Walking the talk… Employees at Amazon's HQ in Seattle say they’re going to walk off the job next week to protest the company’s return to office (RTO) mandate, layoffs, and a perceived lack of commitment to climate pledges. Organizers are looking for at least 1K workers to participate.
Primed: After Amazon announced an RTO mandate in February, nearly 30K employees (about 10% of its corporate workforce) signed a petition opposing the hybrid plan. But 700 staffers joined a pro-RTO Slack group.
Returned: Days after announcing another wave of 9K layoffs in March (for a total of 27K since last year), Amazon CEO Andy Jassy rejected the employee petition and doubled down on his three day/week in-office rule (which started this month), despite some offices apparently not being ready for employees until fall.
Big tech’s morale-gorithm appears to be broken… Tech employee morale is said to be plunging as mass layoffs, hiring freezes, and stalled projects have left workers anxious. Even before Meta's 21K layoffs, only 31% of employees were confident in its leaders. Yesterday, Meta wrapped up its latest round of job cuts, which employees said had caused a standstill. Microsoft execs fielded employee questions about “rock bottom” morale at an all-hands this week, while vibes at Google have also reportedly tanked following layoffs and perk cuts.

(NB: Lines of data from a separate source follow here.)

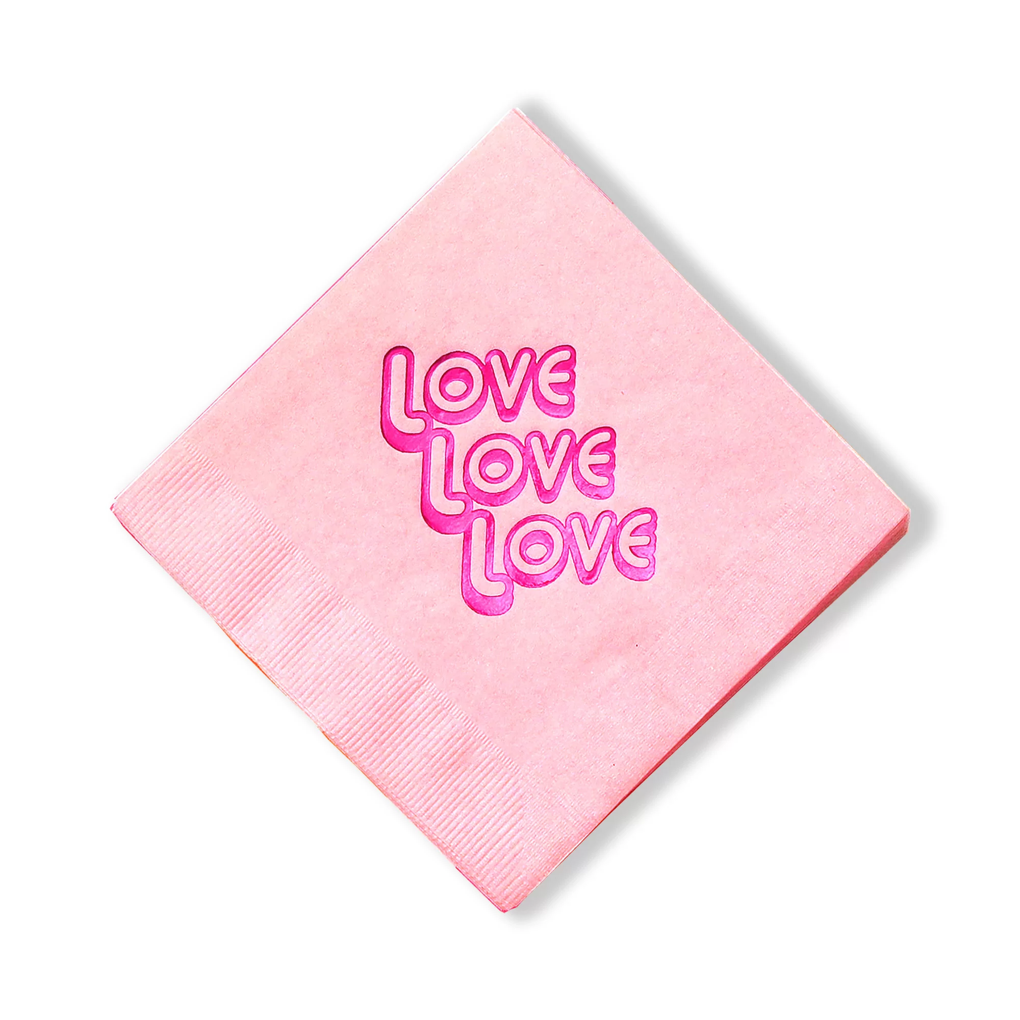 Add a stylish, retro touch to your special event with party-ready cocktail napkins featuring gorgeous digitally printed designs. Our Love Love Love party napkins features peace signs and flowers around a disco styled font. Whether it's birthdays, baby showers or wedding events, For Your Party has you covered for those last minute, beautiful party details! Party Ready Napkin packs are usually ready to ship same day to get to you in time!*
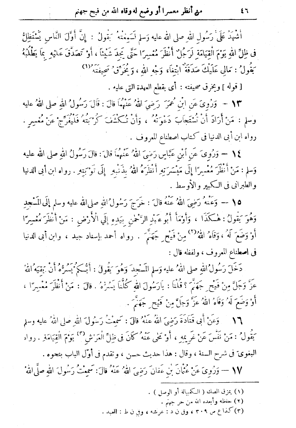 15 - وعنهُ رضي الله عنه قال: خرج رسول الله صلى الله عليه وسلم إلى المسجد وهو يقول: هكذا، وأوْمأ أبو عبد الرحمن بيدهِ إلى الأرض: من أنْظر معسراً، أوْ وضع له، وقاه الله (¬2) من فيْحِ جهنَّمَ. رواه أحمد بإسناد جيد، وابن أبي الدنيا في اصطناع المعروف، ولفظه قال:
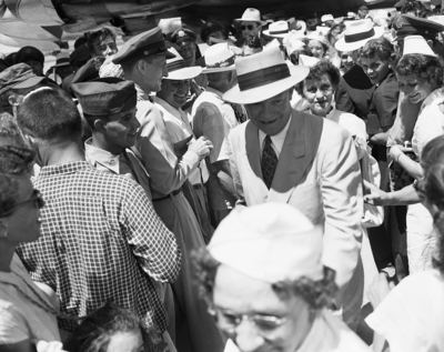 General Eisenhower walking amongst a crowd at Perrin AF Base.
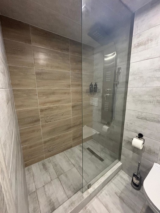 туалет, умывальник, душ, фен, пол с подогревом | большая терраса (стол, стулья) | диван |
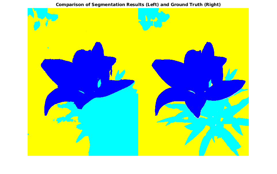 L_groundTruth = double(imread('yellowlily-segmented.png'));Визуально сравните результаты сегментации с основной истиной.
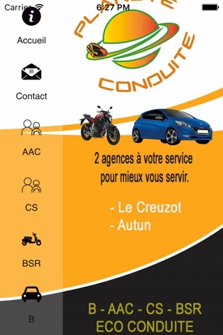 Lapplication "Planète Conduite" vous offre la possibilité de consulter toutes les infos utiles de lauto école (services, inscription, produits, horaires, demande de RDV, avis…) mais aussi de communiquer directement avec l’équipe via la messagerie interne et de recevoir un rappel de vos rendez-vous sous forme de notifications push.
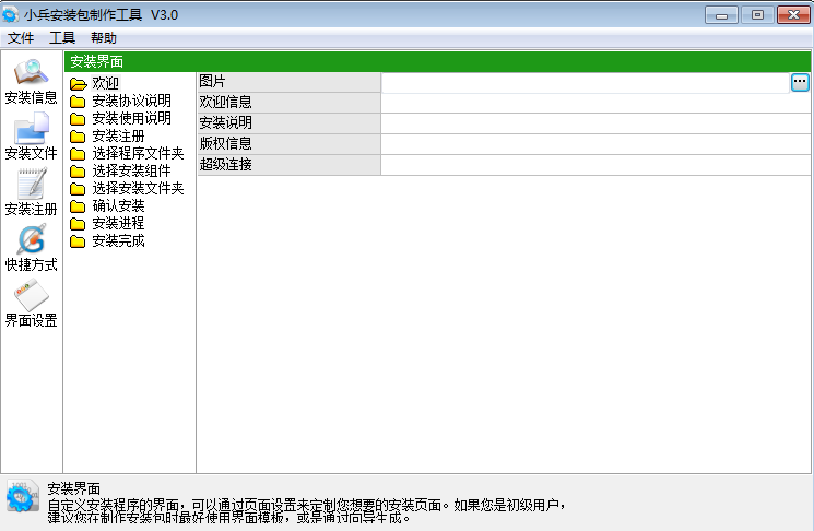 欢迎界面:欢迎信息、安装说明、版权信息、超级链接

RTO may be retreating… The number of companies requiring workers in the office full time has fallen to 42% from 49% three months ago. Last year a Gallup poll found that worker engagement had declined the most among workers with remote-friendly jobs who were working from the office. While employers want to get staffers back at office desks to boost collaboration, they risk crushing morale.